Got this from the comment in golang project source code.

Ah, that certainly seems pretty convincing :)

Mind just testing to verify that calling cancel multiple times works ok? If yes, than using a context sounds perfect.

Tested with 100 goroutines(each invokes cancel 100 times), works as expected.

Refactored atomic to context, PTAL :)

mattjmcnaughton

/retest

One final request around error handling but the context use looks perfect - thanks for working with me on that :)

mattjmcnaughton · 2020-05-23T18:55:30Z

test/e2e_node/image_list.go

+	}
+
+	wg.Wait()
+	for _, err := range pullErrs {


Final request - can we aggregate all of the non-nil pullErrors into a single error, instead of just returning the first error? Thanks

Aggregate all pullErrors into a single error, and If there are nothing errors in the pullErrors slice, the utilerrors.NewAggregate function will return nil. PTAL

mattjmcnaughton

Awesome!

I think the final step is to run ./hack/update-bazel.sh, which should fix the hack-verify errors.

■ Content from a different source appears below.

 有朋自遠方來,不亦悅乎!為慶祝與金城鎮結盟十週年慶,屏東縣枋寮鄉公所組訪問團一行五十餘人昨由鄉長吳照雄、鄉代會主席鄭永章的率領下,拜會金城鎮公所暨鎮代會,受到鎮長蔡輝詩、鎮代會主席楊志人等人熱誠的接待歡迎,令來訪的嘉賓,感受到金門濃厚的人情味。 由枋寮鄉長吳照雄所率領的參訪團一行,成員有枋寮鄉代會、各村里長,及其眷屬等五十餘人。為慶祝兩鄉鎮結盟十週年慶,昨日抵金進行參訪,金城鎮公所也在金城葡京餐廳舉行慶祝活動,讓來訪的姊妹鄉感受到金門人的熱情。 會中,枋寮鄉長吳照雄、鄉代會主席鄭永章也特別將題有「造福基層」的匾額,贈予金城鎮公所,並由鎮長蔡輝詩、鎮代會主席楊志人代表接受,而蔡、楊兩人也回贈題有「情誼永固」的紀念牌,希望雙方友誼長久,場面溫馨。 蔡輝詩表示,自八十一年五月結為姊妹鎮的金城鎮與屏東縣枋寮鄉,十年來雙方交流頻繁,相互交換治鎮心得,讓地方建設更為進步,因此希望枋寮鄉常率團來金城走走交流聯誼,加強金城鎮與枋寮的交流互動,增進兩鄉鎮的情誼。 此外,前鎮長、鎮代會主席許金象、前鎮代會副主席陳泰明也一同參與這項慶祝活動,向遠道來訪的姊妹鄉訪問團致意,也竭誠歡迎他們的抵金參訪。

Also, do you mind squashing your commits into a single commit?

Thank you!

mattjmcnaughton · 2020-05-24T19:23:22Z

/retest

lsytj0413 · 2020-05-25T03:50:25Z

Awesome!

I think the final step is to run ./hack/update-bazel.sh, which should fix the hack-verify errors.

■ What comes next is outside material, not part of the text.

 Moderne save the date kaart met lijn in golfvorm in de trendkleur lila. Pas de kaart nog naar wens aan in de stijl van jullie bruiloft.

Also, do you mind squashing your commits into a single commit?

Thank you!

Squash into a single commit and updated BUILD with ./hack/update-bazel.sh, And the hack-verify errors have gone(There is still three Job failed, I didn't know is it caused by this PR, let me known If it should been fixed :).

mattjmcnaughton

/lgtm

Awesome, thank you! I agree that the failures appear unrelated to this diff. Retesting to verify.

/retest

lsytj0413 · 2020-05-31T07:26:20Z

/test pull-kubernetes-e2e-kind

lsytj0413 · 2020-05-31T09:59:54Z

/test pull-kubernetes-e2e-kind

lsytj0413 · 2020-05-31T13:12:58Z

test/e2e_node/image_list.go

-				break
+
+	imageCh := make(chan int, len(images))
+	for i := range images {


there is a deathlock in the previous implementation, I did fix it and all tests have passed now. PTAL @mattjmcnaughton

Can you share more around what the deadlock was @lsytj0413 ? Would also love to know more around how we are confident this implementation avoids the deadlock. Thanks :)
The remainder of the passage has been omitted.